В тот день я дремал на дне лодки, и мне казалось, что Галилейское озеро – это огромная линза, подобная вогнутому изумруду, сквозь который близорукие римские патриции наблюдают за происходящим на арене во время сражений гладиаторов, но я видел через нее поэтов прошлого и настоящего, которые старались понравиться мне и выясняли отношения, соперничая за мою любовь и добиваясь совершенства мысли и слога. Однажды Марк Атиллий начал читать мне свою комедию «Женоненавистник», а его перебил Апулей, говоря, что историю про золотого осла учителю будет послушать интереснее. Вероятно, он намекал на то, что я так же сластолюбив и беспутен, как и его герой Луций. Марк Атиллий оттолкнул Апулея, завязалась драка, и оба они провалились в бездну, состоящую из черного земляного масла, извести и серы; сквозь линзу вдруг хлынул солнечный свет, вещество вспыхнуло и превратилось в халколиван – огненную массу слов, тайна которой впервые открылась мне когда-то на холме близ Иерихона.

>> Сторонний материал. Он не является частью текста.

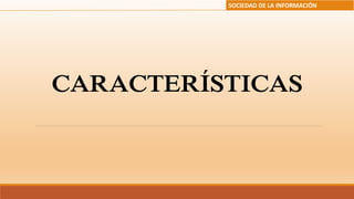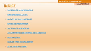 La sociedad de la información se caracteriza por girar en torno a las tecnologías de la información y la comunicación (TIC), lo que da lugar a nuevos sectores laborales y tipos de inteligencia. Abarca todos los sectores de la sociedad e implica un aprendizaje continuo, aunque también conlleva desafíos como el exceso de información, la brecha digital y la velocidad del cambio.

Это было мерцающее упругое пространство. Я мог свободно двигаться в нем, подниматься выше и опускаться в темно-красную глубину. Некоторое время я наслаждался этим, не чувствуя веса своего тела, а потом заметил, что вокруг меня появились контуры людей – точнее, только головы и верхние части туловищ. Они не обращали на меня внимания и обсуждали что-то далекое от поэзии. Язык, на котором они говорили, не был мне знаком, но я удивительным образом понимал его, хотя смысл некоторых выражений ускользал.

– Хороший человек был владыка, лишнего не брал, – сказал один из них.

– Царствие ему небесное, – ответил другой.

– Наверно, Иллариона теперь вместо него поставят.

– Вряд ли… Не дорос Илларион, при всем уважении. К тому же он полжизни за границей провел, изнежен, как мопс, а нам тут волки нужны.

– Значит, Антоний придет на кафедру.

– Или Игнатий, патриарх его любит.

– Сейчас молодых да горячих продвигают, всех харизматичных клириков старой закалки отправили за штат, все епархии вычистили, чтобы тихо было да гладко… Не смей иметь самостоятельного голоса!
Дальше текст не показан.